Leave the images behind and copy every record exactly.

BEGIN Supplied data

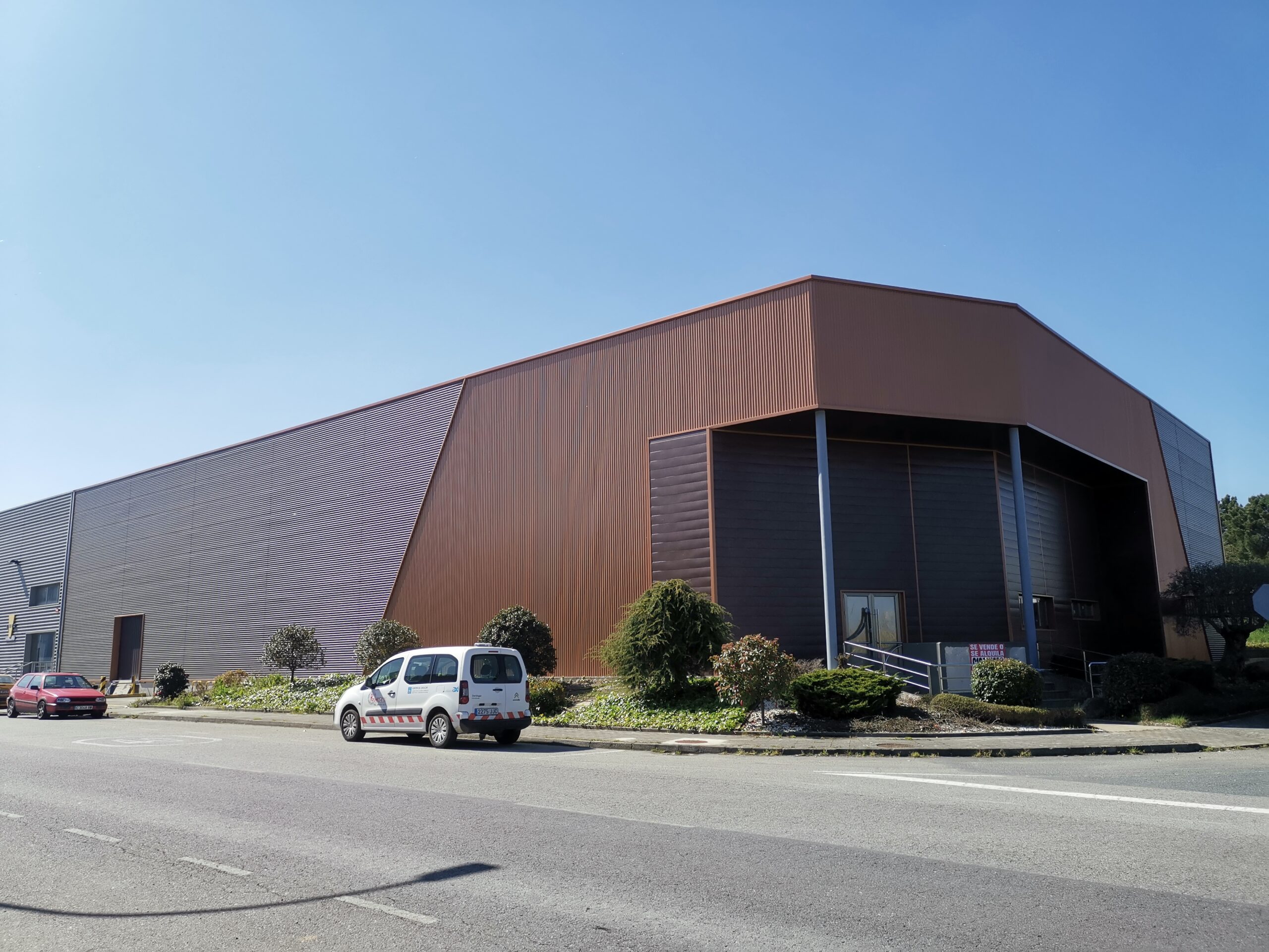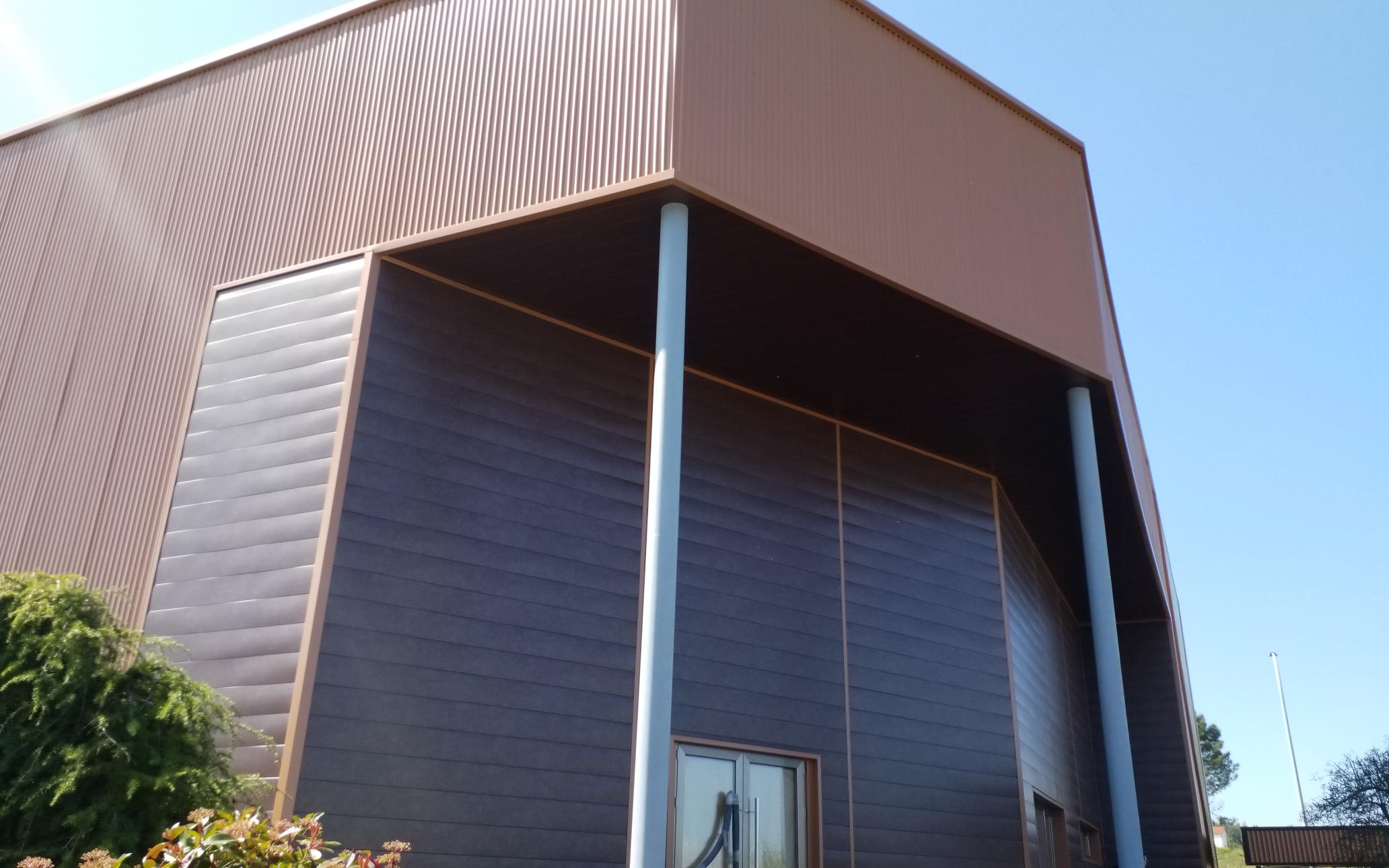 In the Betanzos industrial building, the main façade combines the IBEO-250 system in Corten effect with the TZ-16 metal cladding in copper tone, creating an elegant and modern image.
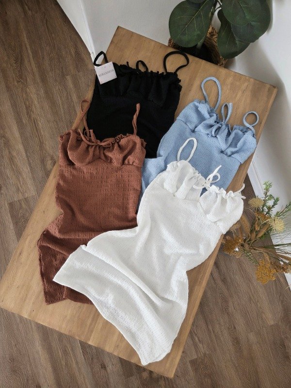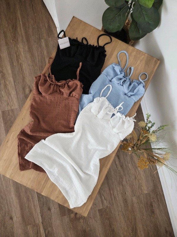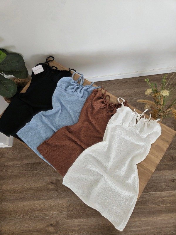 Vestido de breteles finos con lazos para atar en el escote. De hawaii.
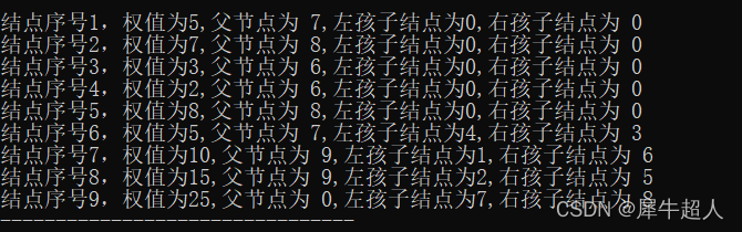 printf("\n结点序号%d,权值为%d,父节点为 %d,左孩子结点为%d,右孩子结点为 %d",i,ht[i].weight,ht[i].parent,ht[i].lchild,ht[i].rchild);
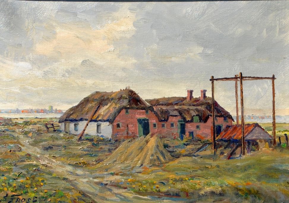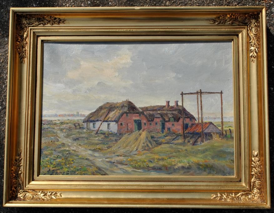 Frost, Sergius (1900 - 1994) Denmark: A farm, Klegod. Holmsland Klit. Signed. Oil on canvas. 33 x 45 cm.
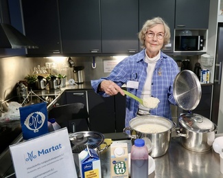 Ruokamarttamme Terttu Närhi tarjoilee puuroa Marttojen puuroillassa Myllypuron kirjastolla 14.10.2024.
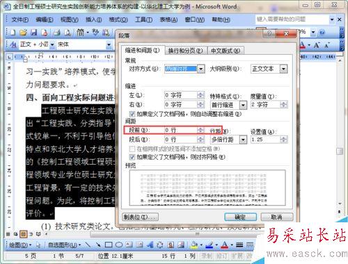 點擊后會進入這個界面,在新的界面中查看間距,如圖所示,有圖可以知道,我們的正文段前間距是0行。
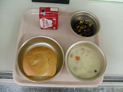 今日の献立は,牛乳・ひじきのソテー・バターうずまきパン・きのこのクリームシチューでした。

END Supplied data

Answer to this exercise:
 In the Betanzos industrial building, the main façade combines the IBEO-250 system in Corten effect with the TZ-16 metal cladding in copper tone, creating an elegant and modern image.
 Vestido de breteles finos con lazos para atar en el escote. De hawaii.
 printf("\n结点序号%d,权值为%d,父节点为 %d,左孩子结点为%d,右孩子结点为 %d",i,ht[i].weight,ht[i].parent,ht[i].lchild,ht[i].rchild);
 Frost, Sergius (1900 - 1994) Denmark: A farm, Klegod. Holmsland Klit. Signed. Oil on canvas. 33 x 45 cm.
 Ruokamarttamme Terttu Närhi tarjoilee puuroa Marttojen puuroillassa Myllypuron kirjastolla 14.10.2024.
 點擊后會進入這個界面,在新的界面中查看間距,如圖所示,有圖可以知道,我們的正文段前間距是0行。
 今日の献立は,牛乳・ひじきのソテー・バターうずまきパン・きのこのクリームシチューでした。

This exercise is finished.